The accounting imagery (not expressly anchored in scripture but an explanatory doctrine, likely never intended to be taken literally) of the between-time after sundown on Rosh Hashannah and before sundown on Yom Kippur is that YHWH, having closed the books on the previous year is writing his budget for the next, deciding who will be blessed and cursed, who will be written in the Book of Life and who will-- not. "On Rosh Hashannah it is writren; on Yom Kippur it is sealed." This in turn is obliquely, perhaps confusingly, referred to in Christian doctrine regarding the "Book of the Lamb" or "Book of Life of the Lamb" (e.g. Revelation 13:8). To a contemporaneous audience familiar with Rosh Hashannah and its oral tradition, the reference may have been much less opaque. But the expression here is similar to what G.W.H. Lampe is quoted as saying with respect to the essential eschatology of Christian baptism: that it is a poor bargain to endlessly petition to be left in the Book of Life for merely one more year (which many of us scarcely earn) against the chance of being written into the Book of the Lamb as an inheritor of the imminent and eternal Kingdom of the annointed Messiah (which not a single one of us has earned or ever will).
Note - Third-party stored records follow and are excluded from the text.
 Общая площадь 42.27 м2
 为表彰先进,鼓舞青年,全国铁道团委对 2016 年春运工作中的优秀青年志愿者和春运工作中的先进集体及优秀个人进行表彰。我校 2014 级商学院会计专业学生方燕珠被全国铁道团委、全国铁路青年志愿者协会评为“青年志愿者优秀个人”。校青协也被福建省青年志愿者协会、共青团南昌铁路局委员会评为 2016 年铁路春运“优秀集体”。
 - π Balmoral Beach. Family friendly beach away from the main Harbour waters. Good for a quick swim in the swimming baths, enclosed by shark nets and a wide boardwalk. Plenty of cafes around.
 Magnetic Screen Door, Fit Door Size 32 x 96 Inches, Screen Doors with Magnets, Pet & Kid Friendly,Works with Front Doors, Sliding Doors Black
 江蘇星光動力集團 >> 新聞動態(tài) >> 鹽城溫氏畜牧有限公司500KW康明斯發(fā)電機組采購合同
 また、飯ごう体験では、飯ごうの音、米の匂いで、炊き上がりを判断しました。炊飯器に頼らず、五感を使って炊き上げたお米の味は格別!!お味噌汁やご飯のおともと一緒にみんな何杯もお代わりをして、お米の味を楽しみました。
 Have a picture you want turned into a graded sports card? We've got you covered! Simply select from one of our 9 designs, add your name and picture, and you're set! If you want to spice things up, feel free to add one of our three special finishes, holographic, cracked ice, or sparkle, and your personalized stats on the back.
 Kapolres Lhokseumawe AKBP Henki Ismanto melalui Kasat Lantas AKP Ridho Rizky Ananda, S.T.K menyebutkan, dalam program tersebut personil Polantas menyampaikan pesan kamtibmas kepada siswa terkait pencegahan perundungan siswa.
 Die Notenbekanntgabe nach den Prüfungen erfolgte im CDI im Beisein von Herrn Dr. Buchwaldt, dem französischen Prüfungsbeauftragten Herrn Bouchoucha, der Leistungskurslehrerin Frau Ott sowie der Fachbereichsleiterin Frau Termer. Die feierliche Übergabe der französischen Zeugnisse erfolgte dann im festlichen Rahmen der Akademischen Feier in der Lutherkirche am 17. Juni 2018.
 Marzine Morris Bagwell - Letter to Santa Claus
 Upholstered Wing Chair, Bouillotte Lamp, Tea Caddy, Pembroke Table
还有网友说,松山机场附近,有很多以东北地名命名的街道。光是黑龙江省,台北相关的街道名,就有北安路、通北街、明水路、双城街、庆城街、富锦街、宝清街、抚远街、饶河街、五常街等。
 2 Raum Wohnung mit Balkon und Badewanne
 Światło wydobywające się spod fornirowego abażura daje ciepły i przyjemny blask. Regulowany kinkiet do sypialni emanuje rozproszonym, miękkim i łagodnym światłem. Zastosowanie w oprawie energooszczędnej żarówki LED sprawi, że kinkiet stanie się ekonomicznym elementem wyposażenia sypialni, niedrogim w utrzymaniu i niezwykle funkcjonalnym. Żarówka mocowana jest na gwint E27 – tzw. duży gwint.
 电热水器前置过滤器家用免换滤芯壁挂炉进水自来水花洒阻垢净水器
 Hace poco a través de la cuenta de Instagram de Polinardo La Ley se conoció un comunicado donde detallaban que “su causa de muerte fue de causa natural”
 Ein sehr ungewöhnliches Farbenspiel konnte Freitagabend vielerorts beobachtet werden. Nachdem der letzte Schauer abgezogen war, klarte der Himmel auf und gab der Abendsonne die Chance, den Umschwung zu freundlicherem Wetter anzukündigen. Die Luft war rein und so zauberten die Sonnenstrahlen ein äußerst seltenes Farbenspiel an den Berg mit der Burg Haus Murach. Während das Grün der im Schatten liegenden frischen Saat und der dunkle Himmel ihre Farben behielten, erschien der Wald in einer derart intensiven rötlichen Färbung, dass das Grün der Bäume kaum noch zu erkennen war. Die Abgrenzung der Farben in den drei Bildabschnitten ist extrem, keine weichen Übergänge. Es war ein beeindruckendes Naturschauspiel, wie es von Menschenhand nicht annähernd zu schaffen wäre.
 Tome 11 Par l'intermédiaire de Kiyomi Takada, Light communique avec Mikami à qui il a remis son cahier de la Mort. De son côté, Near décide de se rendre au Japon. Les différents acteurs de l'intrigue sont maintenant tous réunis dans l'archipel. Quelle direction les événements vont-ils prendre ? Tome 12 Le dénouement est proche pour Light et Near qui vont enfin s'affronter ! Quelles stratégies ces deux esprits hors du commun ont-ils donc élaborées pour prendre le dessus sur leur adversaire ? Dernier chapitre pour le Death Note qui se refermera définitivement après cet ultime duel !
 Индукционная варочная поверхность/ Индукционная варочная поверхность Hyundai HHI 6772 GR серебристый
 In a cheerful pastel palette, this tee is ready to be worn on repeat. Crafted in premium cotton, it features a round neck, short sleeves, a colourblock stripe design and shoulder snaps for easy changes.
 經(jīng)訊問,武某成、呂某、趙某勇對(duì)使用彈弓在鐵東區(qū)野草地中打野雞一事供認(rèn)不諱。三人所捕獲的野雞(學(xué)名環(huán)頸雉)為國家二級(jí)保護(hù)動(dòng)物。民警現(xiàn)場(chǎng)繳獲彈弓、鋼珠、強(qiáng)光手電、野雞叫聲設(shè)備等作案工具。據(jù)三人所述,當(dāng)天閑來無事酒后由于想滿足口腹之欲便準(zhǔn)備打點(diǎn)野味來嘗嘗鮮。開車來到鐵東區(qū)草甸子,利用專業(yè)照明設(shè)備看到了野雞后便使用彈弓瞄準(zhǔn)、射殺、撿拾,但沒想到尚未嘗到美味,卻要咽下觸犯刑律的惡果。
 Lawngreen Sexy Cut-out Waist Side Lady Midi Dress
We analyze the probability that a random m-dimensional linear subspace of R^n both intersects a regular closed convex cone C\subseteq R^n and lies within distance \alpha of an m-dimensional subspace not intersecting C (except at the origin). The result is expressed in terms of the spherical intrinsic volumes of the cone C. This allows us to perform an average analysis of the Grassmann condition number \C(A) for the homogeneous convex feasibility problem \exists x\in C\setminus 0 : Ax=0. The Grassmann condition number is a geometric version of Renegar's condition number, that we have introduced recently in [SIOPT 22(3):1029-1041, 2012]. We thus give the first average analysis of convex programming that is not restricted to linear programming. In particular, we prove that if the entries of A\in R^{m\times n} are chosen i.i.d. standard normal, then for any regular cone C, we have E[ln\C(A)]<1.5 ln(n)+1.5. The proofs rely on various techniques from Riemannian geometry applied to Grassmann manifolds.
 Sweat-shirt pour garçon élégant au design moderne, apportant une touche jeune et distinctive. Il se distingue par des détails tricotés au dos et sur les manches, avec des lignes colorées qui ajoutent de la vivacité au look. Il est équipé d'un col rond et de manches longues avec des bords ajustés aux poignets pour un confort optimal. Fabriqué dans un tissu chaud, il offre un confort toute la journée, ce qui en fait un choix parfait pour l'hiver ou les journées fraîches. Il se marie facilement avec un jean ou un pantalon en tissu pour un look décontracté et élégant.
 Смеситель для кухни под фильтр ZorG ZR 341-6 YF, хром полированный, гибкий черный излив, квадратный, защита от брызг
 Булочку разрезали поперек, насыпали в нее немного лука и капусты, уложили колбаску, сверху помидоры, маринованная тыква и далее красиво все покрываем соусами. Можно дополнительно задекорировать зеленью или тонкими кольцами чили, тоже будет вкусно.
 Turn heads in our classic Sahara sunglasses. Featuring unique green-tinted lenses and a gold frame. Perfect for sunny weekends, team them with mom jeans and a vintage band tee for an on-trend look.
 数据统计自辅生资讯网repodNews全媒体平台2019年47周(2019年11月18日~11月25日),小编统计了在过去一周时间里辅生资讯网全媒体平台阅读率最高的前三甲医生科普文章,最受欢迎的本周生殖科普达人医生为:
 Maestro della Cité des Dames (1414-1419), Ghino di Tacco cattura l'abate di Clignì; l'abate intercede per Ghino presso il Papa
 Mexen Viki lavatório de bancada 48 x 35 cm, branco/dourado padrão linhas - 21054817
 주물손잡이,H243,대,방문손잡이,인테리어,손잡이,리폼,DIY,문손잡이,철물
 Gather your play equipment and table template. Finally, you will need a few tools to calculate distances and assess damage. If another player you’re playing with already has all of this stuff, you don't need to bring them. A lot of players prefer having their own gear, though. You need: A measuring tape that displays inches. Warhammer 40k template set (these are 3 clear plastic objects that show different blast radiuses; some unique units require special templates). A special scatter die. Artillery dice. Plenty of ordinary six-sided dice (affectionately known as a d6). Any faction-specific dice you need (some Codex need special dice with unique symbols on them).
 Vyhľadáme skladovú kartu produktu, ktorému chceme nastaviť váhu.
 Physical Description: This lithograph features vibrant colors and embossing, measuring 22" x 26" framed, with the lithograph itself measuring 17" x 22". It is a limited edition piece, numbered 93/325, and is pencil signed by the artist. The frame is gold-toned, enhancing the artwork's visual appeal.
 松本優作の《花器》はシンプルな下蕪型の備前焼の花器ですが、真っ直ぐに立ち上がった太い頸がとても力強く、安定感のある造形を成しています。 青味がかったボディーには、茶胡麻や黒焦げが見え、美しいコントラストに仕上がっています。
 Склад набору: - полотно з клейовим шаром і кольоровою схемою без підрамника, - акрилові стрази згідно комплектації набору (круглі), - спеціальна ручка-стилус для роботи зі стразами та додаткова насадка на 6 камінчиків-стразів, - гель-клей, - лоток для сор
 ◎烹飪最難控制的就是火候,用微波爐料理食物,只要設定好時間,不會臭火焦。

That all being said, the traditional ritual of periodic immersion in water as an external and visible sign of repentence is not without its use, nor is the yearly recognition of the Appointed Times for atonement. To the contrary, we can all of us use every reminder we can get. As linear creatures, we need timely reminders of our nature and duties. These were gifts to fallible forgetful humans intended to help us recognize and walk the steep path we are meant to daily walk. With the gift of the Holy Spirit and the constant help of divine grace, the impossible path becomes possible (though seldom easy). Thus the words of the Aveinu, "Our Father", itself a summary of Hebrew tradition:

Lead us not into temptation,

Yet free us from evil.

Min-hara (מן-הרע) in Hebrew, from (the) evil (one), is a reminder of min-hahar (מן-ההר), from the mountain, merely one letter off, referring to the traditional imagery of the steep path and constant struggle for right action. Sometimes-- no matter the tradition we come from-- we need to stop and wash off the dirt of the mountain to see the image of the divine within.